Reading A Programmer's Guide to COMMON LISP

I got a cheap used copy of the book A Programmer's Guide to COMMON LISP by Deborah G. Tatar, Digital Press, 1987.

The book A Programmer's Guide to COMMON LISP by Deborah G.

Why did I read such an old book, published a few years after CLtL1 and well before ANSI finalized the Common Lisp standard?

I'm always looking for good Lisp books. Since Medley is my primary Lisp environment, I'm particularly interested in books published when the system was originally developed and used. These works are relevant because they cover a set of features close to the state of the Common Lisp implementation of Medley, and present a programming style typical of Lisp development in those years.

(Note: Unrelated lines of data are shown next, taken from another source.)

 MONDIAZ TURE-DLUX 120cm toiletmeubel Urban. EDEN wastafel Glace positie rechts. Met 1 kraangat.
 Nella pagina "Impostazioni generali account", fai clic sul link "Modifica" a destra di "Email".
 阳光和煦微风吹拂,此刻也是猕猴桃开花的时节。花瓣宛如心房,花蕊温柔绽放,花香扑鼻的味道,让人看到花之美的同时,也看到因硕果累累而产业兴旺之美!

Two old reviews got me curious about A Programmer's Guide to COMMON LISP, one by Daniel Weinreb and the other by Richard Caruana.

Both reviews point out the book is different from most contemporary introductory Lisp books which focus on AI. Although Tatar's does contain some AI code, such as an interesting and complete toy expert system, the sample code spans a wider range of domains like a text formatter similar to nroff.

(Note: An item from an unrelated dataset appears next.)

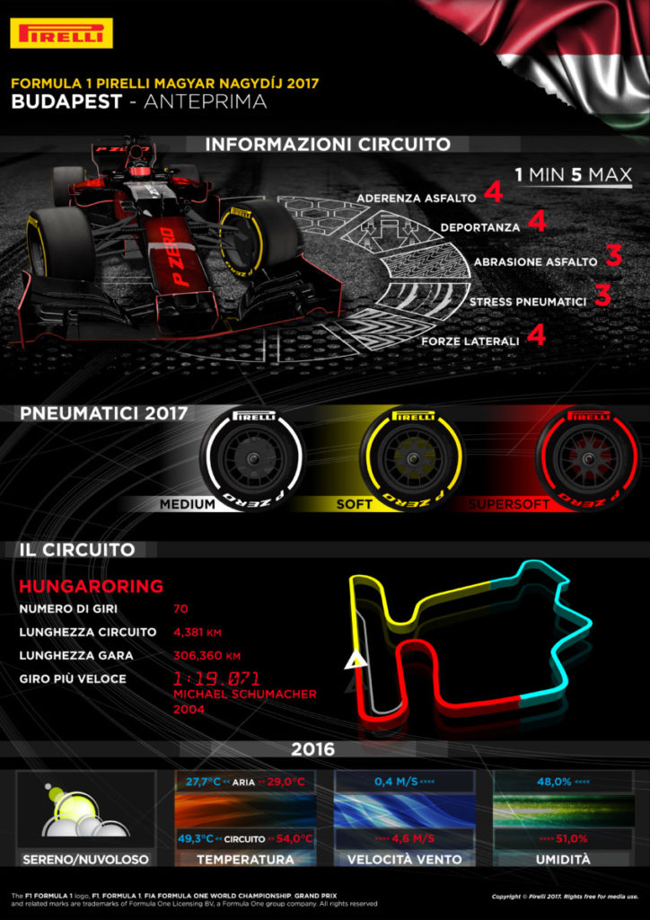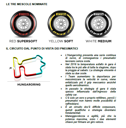 Per il GP di Ungheria sono stati nominati pneumatici P Zero White medium, Yellow soft e Red supersoft: le stesse soluzioni già portate qui nel 2016 e scelte per la quinta volta in questa stagione, l’ultima in Gran Bretagna. L’Hungaroring è però radicalmente diverso rispetto a Silverstone e pur essendo un circuito permanente presenta alcune caratteristiche di uno stradale: curve strette e tortuose, basso livello di grip e ridotte velocità medie sul giro. I

What sets A Programmer's Guide to COMMON LISP apart from other Lisp books is its environment independent discussion of the interactive Lisp programming process. Writing code in the editor, evaluating expressions from the editor, interacting with the REPL for testing expressions and exploring, and so on.

I've never seen the process expressed so clearly in any book, past of present. I'm familiar with it but the material is particulary helpful for complete beginners.

Although the short chapter on macros presents some interesting examples like a simplified version of defstruct, it doesn't discuss gensym and variable capture. This is unusual. But it's only one of a few issues and the book is a valuable addition to my Lisp library.